Prather v. AT&T, Inc.

847 F.3d 1097, 2017 WL 506900, 2017 U.S. App. LEXIS 2092
CourtCourt of Appeals for the Ninth Circuit
DecidedFebruary 6, 2017
Docket13-17489
StatusPublished
Cited by42 cases

This text of 847 F.3d 1097 (Prather v. AT&T, Inc.) is published on Counsel Stack Legal Research, covering Court of Appeals for the Ninth Circuit primary law. Counsel Stack provides free access to over 12 million legal documents including statutes, case law, regulations, and constitutions.

Bluebook
Prather v. AT&T, Inc., 847 F.3d 1097, 2017 WL 506900, 2017 U.S. App. LEXIS 2092 (9th Cir. 2017).

Opinion

OPINION

SESSIONS, District Judge:

OVERVIEW

John C. Prather, a longtime state prosecutor, brought a qui tam action alleging that the largest telecommunications (“tele-com”) companies in the United States were fraudulently overcharging the federal government for surveillance services. The district court dismissed Prather’s action under the False Claims Act’s (“FCA”) public disclosure bar, which states that once allegations of fraud have entered the public domain a person may not bring a qui tam action unless he can prove that he was an original source of those allegations. See 31 U.S.C. § 3730(e)(4) (2006). For the reasons set forth below, we agree that Prather did not qualify as an original source and affirm.

FACTUAL BACKGROUND

Prather served as an attorney in state government for over thirty years. He began his service as an Assistant Attorney General in his native state of North Carolina, then moved to New York and joined the office of the Manhattan District Attorney. In 1989 he became the Deputy Chief of the Frauds Bureau in that office, and in 1992 was appointed Senior Investigative Counsel in the Rackets Bureau. He joined the New York Office of the Attorney General (“NYOAG”) in 1999. From 2002 to 2008, Prather served as the Deputy Attorney General in charge of the NYOAG’s Organized Crime Task Force (“OCTF”). When he initiated this qui tam action, he was serving as the Deputy Inspector General for Investigation in the Metropolitan Transportation Authority, Office of the Inspector General.
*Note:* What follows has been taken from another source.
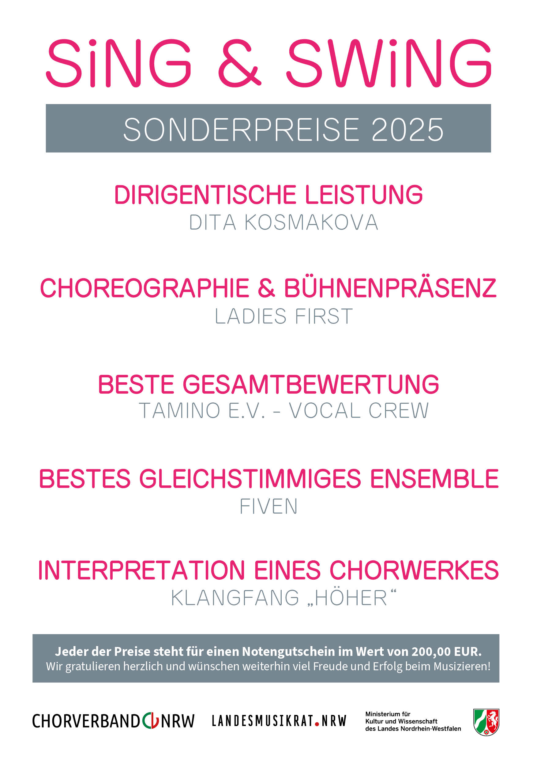 Akustik und sind genau auf die Bedürfnisse von Instrumentalisten und Sängern zugeschnitten. Das Sing uns

During his many years as a government attorney, Prather supervised hundreds of wiretaps. The OCTF alone conducted over 200 wiretaps per year. As head of the OCTF, Prather was authorized to determine when it was necessary to seek court permission to use wiretaps, and to personally apply for eavesdropping warrants. He also reviewed telecom companies’ rate sheets and developed surveillance budgets.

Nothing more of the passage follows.